Luego siendo un sólo grupo, el fútbol les depara el éxito en los campeonatos de 1907 y 1908 en 2° Liga y el hecho –entendemos- inédito de jugar en una misma temporada en 1° Liga convirtiéndose en candidatos y frustrado esto, obtener en 2° Liga nuevamente el campeonato con distinto equipo.

Pero no quedaría aquí este ir y venir de este grupo de jóvenes que se conocían a la perfección. En 1910 se los observa integrando nuevamente el equipo de Nacional.

Pero esa es otra historia.

Integrantes del plantel campeón del Club Atlético River Plate:

Hasta donde nos lo han permitido las fuentes consultadas, a continuación se mencionan los jóvenes que jugaron durante la temporada:

Julio José Abaca Gómez; Silvio Politano; Ricardo Cambón; Francisco Priano; Pablo Francisco Chagneaud; L. Devitt; Alejandro Aníbal Arturo Chiappe; J. Casella; Elías Fernández; A. González; Anempodito García; J. González; Pascual Griffero; Arce; Alejandro Juan Luraschi; Levallois; Bernardo Vicente Antonio Messina; Mariani; José Morroni; D. García; Juan Ramón Peña; Brevich; Dino Pierrotti; Hotter.

Anécdotas.

Bernardo Vicente Miguel Messina, fue el único de los genuinos fundadores que tuvo el honor de haberse coronado campeón en alguna de las Ligas oficiales y lograr un ascenso.

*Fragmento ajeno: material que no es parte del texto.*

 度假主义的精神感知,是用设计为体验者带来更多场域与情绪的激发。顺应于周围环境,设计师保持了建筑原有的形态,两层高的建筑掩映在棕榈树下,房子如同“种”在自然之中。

Indudablemente quien comandaba el grupo de jóvenes que venían jugando juntos, como hemos visto durante varios años, era Julio Abaca Gómez uno de los “mayorcitos” del grupo. Es altamente probable que haya sido vinculado a River por Pedro Martínez y Alberto Flores, dos de los fundadores del club. Se conocían y habían jugado algunos partidos juntos en el Industrial de Lanús allá por 1902. Además Fernando Flores padre de Alberto y de Fernando (otro de los fundadores) había sido padrino de bautismo de Julio Abaca Gómez.

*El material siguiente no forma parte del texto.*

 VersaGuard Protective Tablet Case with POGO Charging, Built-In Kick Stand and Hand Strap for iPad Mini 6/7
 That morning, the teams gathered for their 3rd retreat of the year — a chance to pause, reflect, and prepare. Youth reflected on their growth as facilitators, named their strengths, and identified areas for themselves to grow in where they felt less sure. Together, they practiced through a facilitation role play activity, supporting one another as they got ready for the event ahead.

En uno de los partidos de esta temporada, River tuvo que enfrentar en semifinal a F. C. Oeste al que venció por 5 a 1. La curiosidad es que en el equipo de F. C. Oeste jugaba Enrique Rolón, hermano menor de Eduardo, fundador de River; y seguramente presente en aquel momento fundacional. Además jugador del River Plate recién fundado integrando el equipo de Juniors, futuro famoso equipo de 4° Liga de la entidad. En ese partido también jugó para F. C. Oeste, Ricardo Scala, quien había integrado junto a Rolón aquel equipo de Juniors y cercano a los jóvenes que luego darían nacimiento a River Plate.

Durante esta temporada de 1908, el presidente de River Plate, era don Leopoldo Bard, a quien sus prácticas hospitalarias por su carrera de Medicina, lo habían llevado a estar frecuentemente instalado en el barrio de Flores desde 1906. No desperdiciaba don Bard la oportunidad de jugar al fútbol y debido a ello integra el equipo de Flores que competía en 2° Liga. En 1907 jugando para este equipo, tuvo que enfrentar al Nacional de Abaca Gómez y sus amigos, partido que terminó en goleada del equipo de Floresta. Un año después seguía siendo presidente y seguramente festejó las alegrías que esos jugadores, rivales en 1907, le brindaban.



Fuentes consultadas.

Diarios La Nación, La Prensa, 1902 a 1908.

Diario La Argentina, 1903 a 1907.

Historia de River Plate, Editorial Eiffel, autores varios, 1958. Tomo I.

Archivo de Fútbol, Carlos Francisco Yametti.